While carcinogenicity is less of a concern for PPARγ agonists than for PPARα or α/γ dual agonists, the two most prevalent types of tumors associated with PPARγ full agonist molecules which do occur are lipomas and hemangiosarcomas. These cancers derive from adipose tissue and vascular endothelium, respectively. Since INT131 shows little propensity to promote adipocyte differentiation in vitro or adipose proliferation in vivo, it would be reasonable to expect that INT131 would convey minimal, if any, risk for these malignancies. Similarly, the lack of edema in preclinical models suggests a weak activity in the vascular endothelium and thus would be unlikely to invoke the activation associated with hemangiosarcomas at very high doses of full PPARγ agonists.

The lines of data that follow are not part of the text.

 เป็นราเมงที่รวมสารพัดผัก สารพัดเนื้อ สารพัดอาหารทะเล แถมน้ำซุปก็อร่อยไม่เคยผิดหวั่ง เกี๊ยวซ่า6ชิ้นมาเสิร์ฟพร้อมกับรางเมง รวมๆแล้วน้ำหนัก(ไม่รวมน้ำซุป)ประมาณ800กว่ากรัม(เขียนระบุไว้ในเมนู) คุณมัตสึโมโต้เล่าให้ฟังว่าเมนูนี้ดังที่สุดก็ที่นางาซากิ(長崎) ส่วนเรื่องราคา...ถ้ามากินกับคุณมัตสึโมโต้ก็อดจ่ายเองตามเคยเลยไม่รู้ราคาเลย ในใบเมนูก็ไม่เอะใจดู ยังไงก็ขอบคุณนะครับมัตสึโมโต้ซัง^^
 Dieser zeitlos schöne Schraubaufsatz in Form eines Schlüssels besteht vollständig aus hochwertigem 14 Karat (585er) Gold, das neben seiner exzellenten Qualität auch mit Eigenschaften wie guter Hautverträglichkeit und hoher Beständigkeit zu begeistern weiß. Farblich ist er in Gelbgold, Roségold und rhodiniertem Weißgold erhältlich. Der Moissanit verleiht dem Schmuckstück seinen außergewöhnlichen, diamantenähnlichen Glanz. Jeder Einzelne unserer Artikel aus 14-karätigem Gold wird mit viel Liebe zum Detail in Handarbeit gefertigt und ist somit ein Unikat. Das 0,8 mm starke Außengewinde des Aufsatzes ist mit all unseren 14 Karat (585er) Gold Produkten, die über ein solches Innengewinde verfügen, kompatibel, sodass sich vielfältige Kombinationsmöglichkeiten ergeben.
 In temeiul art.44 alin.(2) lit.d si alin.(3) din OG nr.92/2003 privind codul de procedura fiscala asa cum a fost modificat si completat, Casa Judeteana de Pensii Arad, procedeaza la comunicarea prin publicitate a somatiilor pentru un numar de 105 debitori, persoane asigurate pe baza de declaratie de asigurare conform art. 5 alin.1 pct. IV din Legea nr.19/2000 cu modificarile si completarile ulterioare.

Taken together, it is likely that selectivity of a SPPARM such as INT131 will reduce the potential for carcinogenicity that plague PPAR full agonists, but this remains to be conclusively shown by ongoing studies.

6. EARLY CLINICAL RESULTS WITH INT131 SHOW SEPARATION OF EFFICACY FROM SIDE EFFECTS

Four Phase 1 studies have demonstrated that INT131 besylate is well tolerated and has highly desirable pharmacokinetic and pharmacodynamic properties. The rapid and robust stimulation of adiponectin levels (Figure 11) provides evidence of activation of PPARγ pathways associated with therapeutic efficacy, confirming preclinical pharmacology results [15].

Figure 11

Adiponectin level is stimulated in human subjects exposed to INT131. Circulating adiponectin was measured in healthy volunteers exposed to 8 consecutive daily fixed oral doses of INT131. Adapted from [24].

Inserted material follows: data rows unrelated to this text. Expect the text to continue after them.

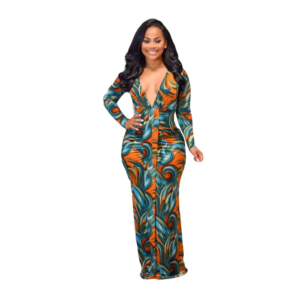 Long Sleeve V Neck Chic Printed Maxi Dress and similar items
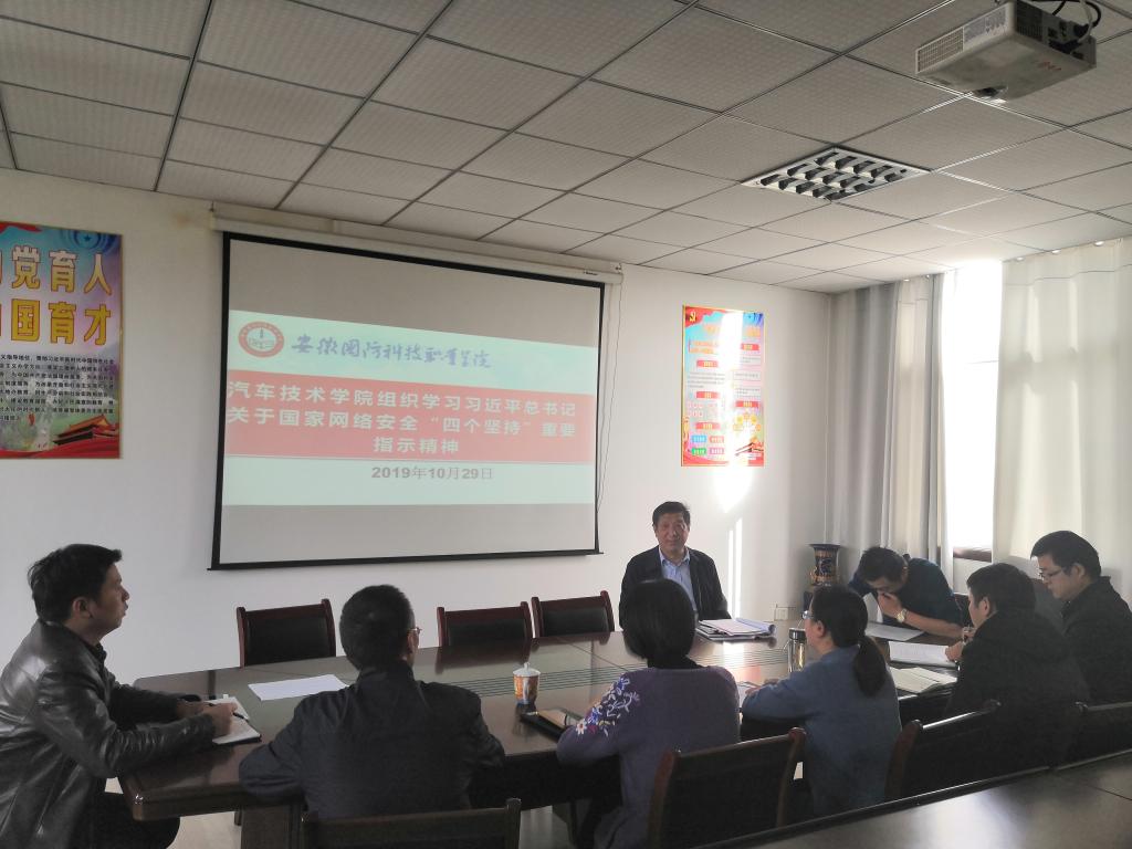 本网讯(汽车技术学院 戴柳)为了增强党员职工网络安全意识,筑牢网络安全防线,2019年10月29日下午,汽车技术学院在知行楼416会议室组织召开学习贯彻习近平总书记关于网络安全“四个坚持”重要指示精神专题会议。会议由汽车技术学院党总支副书记余桂刚主持,全体职工党员参加。
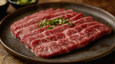 A premium set of raw Wagyu A5 beef slices, ready for yakiniku, arranged on a plate with herbs. Rich marbling and color make it a stunning choice for culinary visuals.

A 4-week Phase 2a multicenter, randomized, double blind, placebo controlled study was conducted to establish the glucose lowering activity of INT131 besylate in subjects with T2DM. INT131 was well tolerated, with no significant safety signals [19]. A reduction in fasting plasma glucose (the primary endpoint of the study) was observed at week 1 and week 4, unusually early for this mechanism of action, and was statistically significant despite the short duration of treatment. Stimulation of adiponectin levels, seen in healthy volunteers in Phase I, was confirmed in the T2DM population in the Phase 2a study. Most notably, the SPPARM activity of INT131 was supported by separation of the observed antidiabetic effects from edema and weight gain, differentiating INT131 from TZD PPARγ full agonists. These results provided the foundation for an ongoing multicenter double blind placebo controlled Phase 2b study of 4 doses of INT131 and pioglitazone comparator in T2DM patients, which is designed to rigorously test the SPPARM activity of INT131 for separation of PPARγ mediated efficacy in treating insulin resistance from TZD side effects.

7. CONCLUSION

The non-TZD selective PPARγ modulator INT131 is the culmination of a molecular target-based strategy to develop an improved insulin-sensitizing drug that does not cause the weight gain and edema that plague the PPAR full agonists. As predicted by its unique PPARγ profile, INT131 shows potential as a potent and efficacious insulin-sensitizing molecule in T2DM patients that causes little if any weight gain at therapeutically efficacious doses. This emerging clinical profile of efficacy/side-effect separation is consistent with the underlying molecular biology design, the in vitro study data and the robust preclinical data. It thus represents the final part of an accordant continuum testing the hypothesis that selective modulation of PPARγ can create a clinically relevant therapeutic window which is hoped to eventually provide tangible benefits to patients.